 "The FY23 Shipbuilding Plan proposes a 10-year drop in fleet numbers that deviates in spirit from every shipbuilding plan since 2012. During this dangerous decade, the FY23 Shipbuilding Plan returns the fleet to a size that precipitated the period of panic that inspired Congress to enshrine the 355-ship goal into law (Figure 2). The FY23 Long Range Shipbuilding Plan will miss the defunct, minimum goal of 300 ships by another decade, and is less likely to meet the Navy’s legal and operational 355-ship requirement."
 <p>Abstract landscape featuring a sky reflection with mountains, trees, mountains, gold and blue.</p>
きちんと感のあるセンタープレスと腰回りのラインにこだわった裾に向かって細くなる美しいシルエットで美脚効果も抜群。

----------------

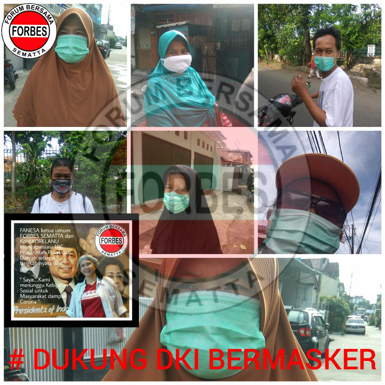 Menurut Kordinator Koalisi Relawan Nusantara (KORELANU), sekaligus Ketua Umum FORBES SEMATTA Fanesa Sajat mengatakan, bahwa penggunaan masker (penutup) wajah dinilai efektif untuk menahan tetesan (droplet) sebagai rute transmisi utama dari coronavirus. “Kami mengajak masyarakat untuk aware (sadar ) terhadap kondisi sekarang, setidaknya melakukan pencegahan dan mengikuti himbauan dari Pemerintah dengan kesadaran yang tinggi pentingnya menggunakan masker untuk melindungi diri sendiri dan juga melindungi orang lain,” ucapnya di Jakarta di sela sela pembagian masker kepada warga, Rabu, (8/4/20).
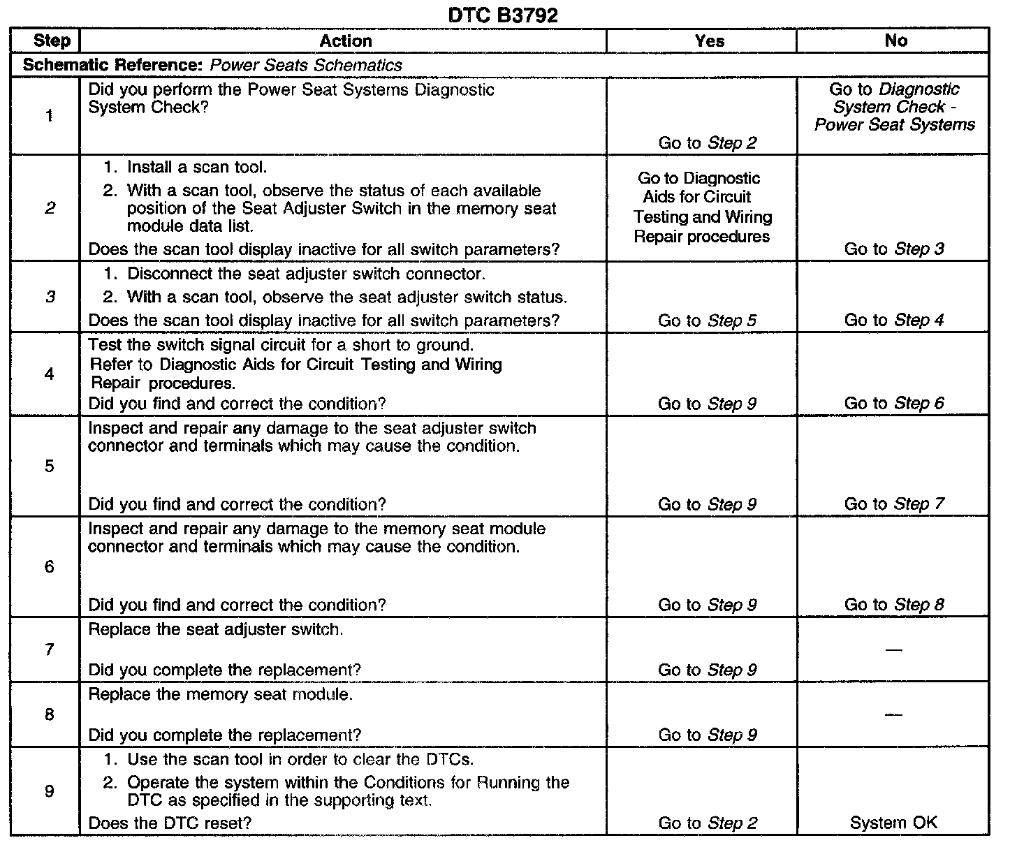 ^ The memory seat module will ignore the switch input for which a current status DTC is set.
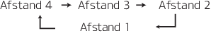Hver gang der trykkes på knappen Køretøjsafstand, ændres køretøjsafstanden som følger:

----------------

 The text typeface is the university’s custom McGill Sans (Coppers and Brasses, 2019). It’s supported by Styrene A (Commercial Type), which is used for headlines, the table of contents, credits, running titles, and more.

----------------

## Brief
Pictures aside, print exactly the lines above starting with the one containing "Menurut Kordinator Koalisi" and going on through the one containing "Hver gang der".

## Output of the task
 Menurut Kordinator Koalisi Relawan Nusantara (KORELANU), sekaligus Ketua Umum FORBES SEMATTA Fanesa Sajat mengatakan, bahwa penggunaan masker (penutup) wajah dinilai efektif untuk menahan tetesan (droplet) sebagai rute transmisi utama dari coronavirus. “Kami mengajak masyarakat untuk aware (sadar ) terhadap kondisi sekarang, setidaknya melakukan pencegahan dan mengikuti himbauan dari Pemerintah dengan kesadaran yang tinggi pentingnya menggunakan masker untuk melindungi diri sendiri dan juga melindungi orang lain,” ucapnya di Jakarta di sela sela pembagian masker kepada warga, Rabu, (8/4/20).
 ^ The memory seat module will ignore the switch input for which a current status DTC is set.
Hver gang der trykkes på knappen Køretøjsafstand, ændres køretøjsafstanden som følger:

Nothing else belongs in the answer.